United States Secretary of State Rex Tillerson met with Turkish Prime Minister Binali Yıldırım early on March 30 as part of his trip to Ankara, with the two leaders discussing developments in Syria and Iraq as well as the joint fight against the Islamic State of Iraq and Syria (ISIS).

As the highest-level representative of the Donald Trump administration to visit the Turkish capital so far, Tillerson will also meet President Recep Tayyip Erdoğan and Foreign Minister Mevlüt Çavuşoğlu, and will give a joint press conference with the latter.

A short statement issued by Turkey’s Prime Ministry highlighted the fight against ISIL as well as Ankara’s demand for the extradition of Pennsylvania-based Islamic preacher Fethullah Gülen, believed to be behind the July 2016 coup attempt, as issues discussed by Tillerson and Yıldırım.

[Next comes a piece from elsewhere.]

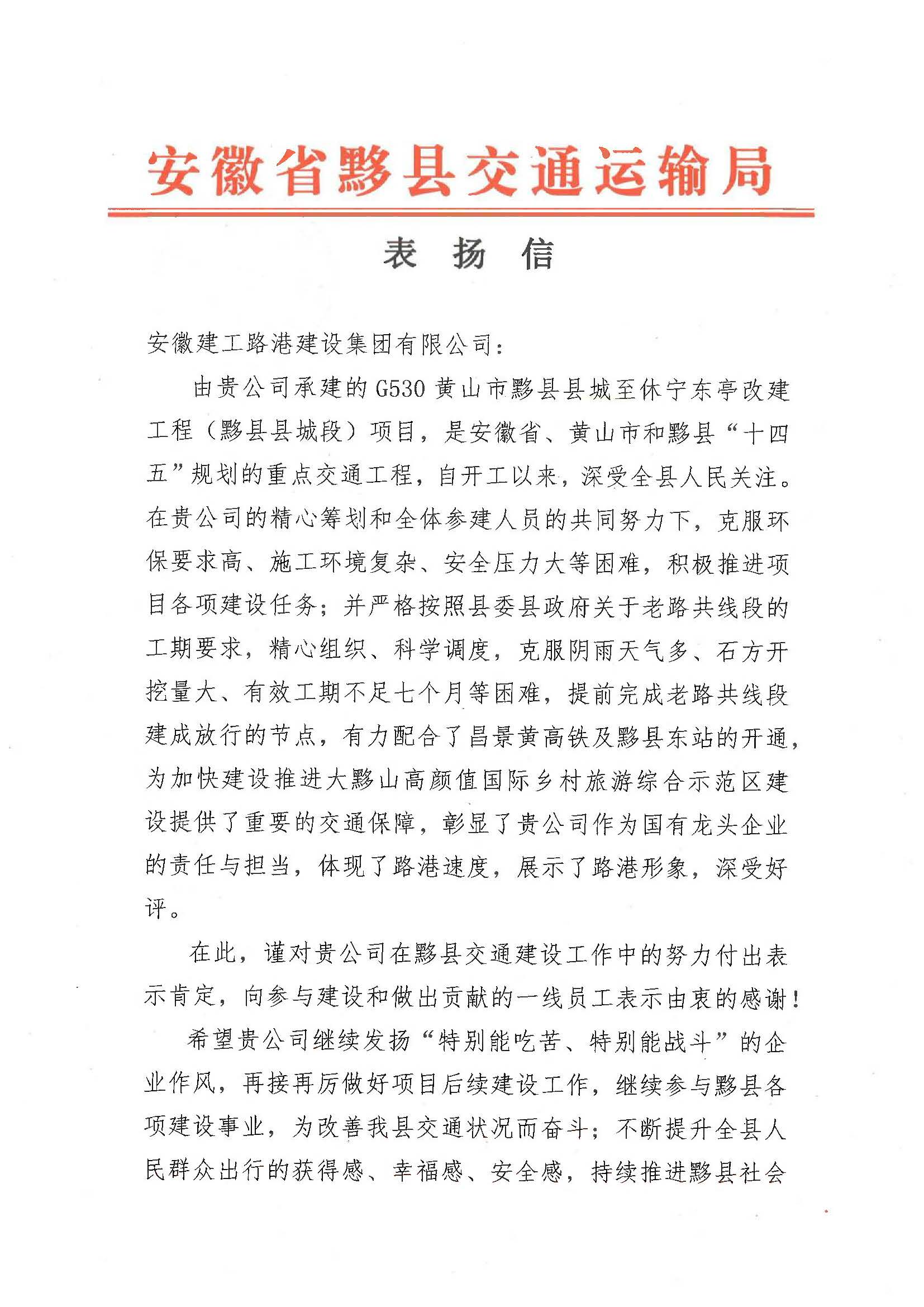 近日,G530黃山市黟縣縣城至休寧東亭改建項目收到黟縣交通運輸局的表揚信。

The two agreed to continue high-level official talks in the coming period, it added.

Tillerson’s delegation includes Brett McGurk, the special representative of the administration on the fight against the ISIL who is also believed to be the master of the U.S. strategy to ally with local Syrian Kurdish groups in the anti-jihadist fight. McGurk was appointed to his position by the Barack Obama administration but was asked to continue his job under the new government in the U.S.

Turkey considers the Syrian Democratic Union Party (PYD) and its armed wing, the People’s Protection Units (YPG) to be terrorists aligned with the outlawed Kurdistan Workers’ Party (PKK), and is pressing Washington to cease its cooperation with them.